# Game #42: Los Angeles Lakers (33-8) @ Washington Wizards (9-32) [1/22]



## Basel (Mar 31, 2005)

If someone wants to edit and make a better layout, go ahead. But a thread hadn't been posted yet so I wanted to get something up.


----------



## elcap15 (Aug 8, 2006)

What a rip off.

I demand original game threads!


----------



## Basel (Mar 31, 2005)

:biggrin:

I didn't feel like making one myself, so I jacked it from Lakers.com.


----------



## elcap15 (Aug 8, 2006)

Oh, I recognize that game thread anywhere


----------



## Basel (Mar 31, 2005)

> Great basketball mind and Lakers assistant coach Jim Cleamons sat down to talk about the 9-32 Washington Wizards, who wrap up their season series with the Lakers Thursday night at STAPLES Center.
> 
> Cleamons highlights the importance of establishing Andrew Bynum and Pau Gasol in the post against a team short on bigs, offers some tips on dealing with Caron Butler and Antawn Jamison and talks about Kobe Bryant’s injured hand.


----------



## Luke (Dec 7, 2008)

We got it, unfortunatly it's probobly going to be close.


----------



## Bartholomew Hunt (Mar 4, 2003)

Java!


----------



## Bartholomew Hunt (Mar 4, 2003)

It is amazing how quickly Ariza went from having absolutely no jumpshot at all to having a respectable shot.


----------



## Bartholomew Hunt (Mar 4, 2003)

Odom looks poised to put together one of his long string of good games.
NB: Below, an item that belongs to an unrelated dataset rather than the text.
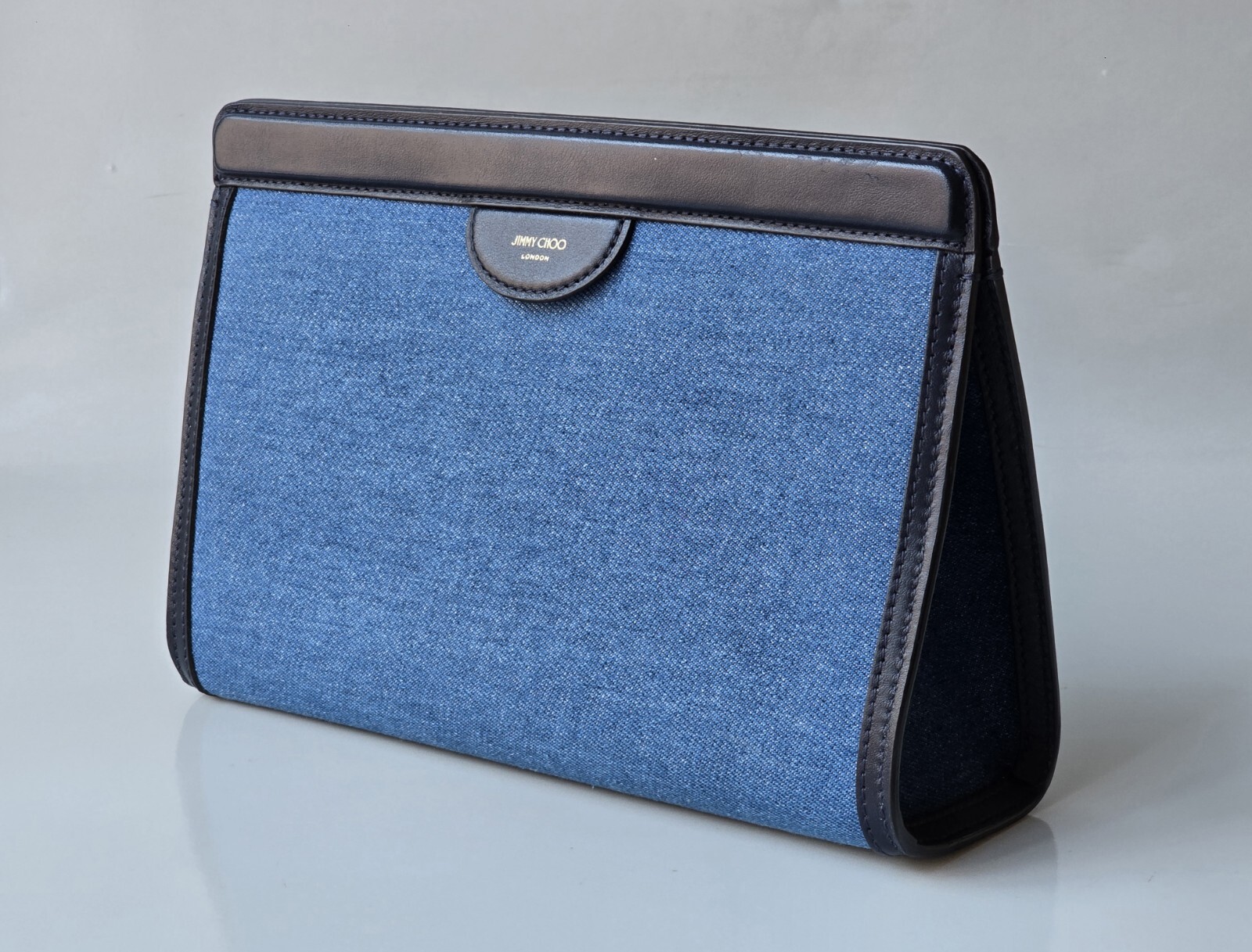 Gorgeous Jimmy Choo Medium Clutch Bag done in blue denim and navy leather with an embossed Choo logo.

Pau with the nasty throwdown!


----------



## Bartholomew Hunt (Mar 4, 2003)

It is amazing what happens when you pass it to your skilled bigs.


----------



## Bartholomew Hunt (Mar 4, 2003)

12/14 so far in the 2nd quarter with pure ownage in the paint and the perimeter from Ariza. Too bad nobody else wants to talk about the game.


----------



## Lynx (Mar 6, 2004)

:banana: I Love Lakers :banana:


----------



## Bartholomew Hunt (Mar 4, 2003)

This is a complete **** kickin'.


----------



## Lynx (Mar 6, 2004)

Bartholomew Hunt said:


> This is a complete **** kickin'.


No..

:sparta:



Glad to see Bynum hasn't missed a beat.


----------



## Lynx (Mar 6, 2004)

Radman's in the game.


----------



## Cris (Jun 18, 2003)

I blame Darth Bryant for not putting up a GT. He is supposed to put it up in back-to-backs. Loser. You too Basel.


----------



## Bartholomew Hunt (Mar 4, 2003)

Go Vlad! They keep making reference to the 'internal issues' with Radmanvoic.


----------



## Lynx (Mar 6, 2004)

Bartholomew Hunt said:


> Go Vlad! They keep making reference to the 'internal issues' with Radmanvoic.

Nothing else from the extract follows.